Does != have meaning in OCaml? - ocaml

It seems to be an equivalency comparison for some types, but not strings.
# 3 != 3;;
- : bool = false
# 3 != 2;;
- : bool = true
This is as expected.
# "odp" = "odp";;
- : bool = true
# "odp" != "odp";;
- : bool = true
# "odp" <> "odp";;
- : bool = false
Why does "odp" != "odp" evaluate to true? What is it actually doing? Shouldn't it generate a type error?


you have experienced the difference between structural and physical equality.
<> is to = (structural equality) as != is to == (physical equality)
"odg" = "odg" (* true *)
"odg" == "odg" (* false *)
is false because each is instantiated in different memory locations, doing:
let v = "odg"
v == v (* true *)
v = v (* true *)
Most of the time you'll want to use = and <>.
edit about when structural and physical equality are equivalent:
You can use the what_is_it function and find out all the types that would be equal both structurally and physically. As mentioned in the comments below, and in the linked article, characters, integers, unit, empty list, and some instances of variant types will have this property.
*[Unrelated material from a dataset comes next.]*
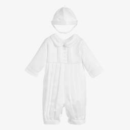 Pretty ivory floral shortie and headband set for baby girls by Beau KiD, made in soft, lightweight cotton. It has an ivory jersey bodice, with an ivory lace trim and pink satin bows. There are popper fastenings on the back and between the legs to help with easy dressing. A matching ivory jersey headband completes the cute set.
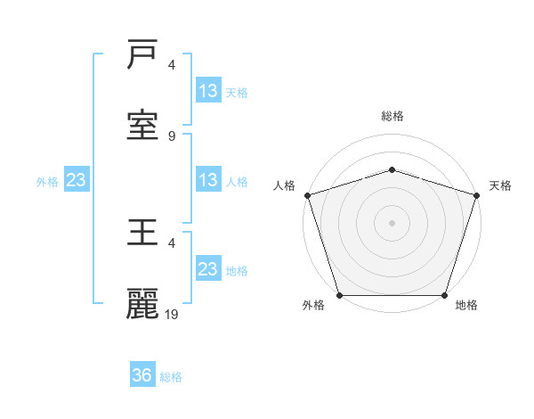 戸室 王麗さんの外格は23画の5点!

The opposite for != operator is == operator, not the = one.
# "a" != "a" ;;
- : bool = true
# "a" == "a" ;;
- : bool = false
The == operator is a "physical equality". When you type "a" == "a", you compare two different instances of strings that happen to look alike, so the operator returns false. While having one instance makes it return true:
# let str = "a"
in str == str ;;
- : bool = true
# let str = "a"
in str != str ;;
- : bool = false


A quick explanation about == and != in OCaml in addition to all the correct answers that have already been provided:
1/ == and != expose implementation details that you really don't want to know about. Example:
# let x = Some [] ;;
val x : 'a list option = Some []
# let t = Array.create 1 x ;;
val t : '_a list option array = [|Some []|]
# x == t.(0) ;;
- : bool = true
So far, so good: x and t.(0) are physically equal because t.(0) contains a pointer to the same block that x is pointing to. This is what basic knowledge of the implementation dictates. BUT:
# let x = 1.125 ;;
val x : float = 1.125
# let t = Array.create 1 x ;;
val t : float array = [|1.125|]
# x == t.(0) ;;
- : bool = false
What you are seeing here are the results of an otherwise useful optimization involving floats.
2/ On the other hand, there is a safe way to use ==, and that is as a quick but incomplete way to check for structural equality.
If you are writing an equality function on binary trees
let equal t1 t2 =
match ...
checking t1 and t2 for physical equality is a quick way to detect that they are obviously structurally equal, without even having to recurse and read them. That is:
let equal t1 t2 =
if t1 == t2
then true
else
match ...
And if you keep in mind that in OCaml the “boolean or” operator is “lazy”,
let equal t1 t1 =
(t1 == t2) ||
match ...


They are like two "Tom"s in your class! Because:
In this case, "odp" = "odp"
because they are TWO strings with SAME VALUE!!
So they are not == because they are TWO different strings store in different (Memory) location
They are = because they have the identical string value.
One more step deeper, "odp" is anonymous variable. And two anonymous variable leads to this Two strings.
For your convenience:
# "odp" = "odp";;
- : bool = true
# "odp" != "odp";;
- : bool = true
# "odp" <> "odp";;
- : bool = false


ints are the only type where physical and structural equality are the same, because ints are the only type that is unboxed

Related

OCaml, comparing int lists using < > = operators

Question:
What is the logic behind comparing int lists using <, >, =? What about 'a lists?
Code:
# let x = [1] > [1]
val x : bool = false
# let x = [1;2] > [1]
val x : bool = true
# let x = [1;2] > [2;1]
val x : bool = false
# let x = [true;false] < [true;true]
val x : bool = true
Follow up questions:
when comparing two lists, how does the comparison work if the lists are not the same length? if the lists don't contain elements of the same type?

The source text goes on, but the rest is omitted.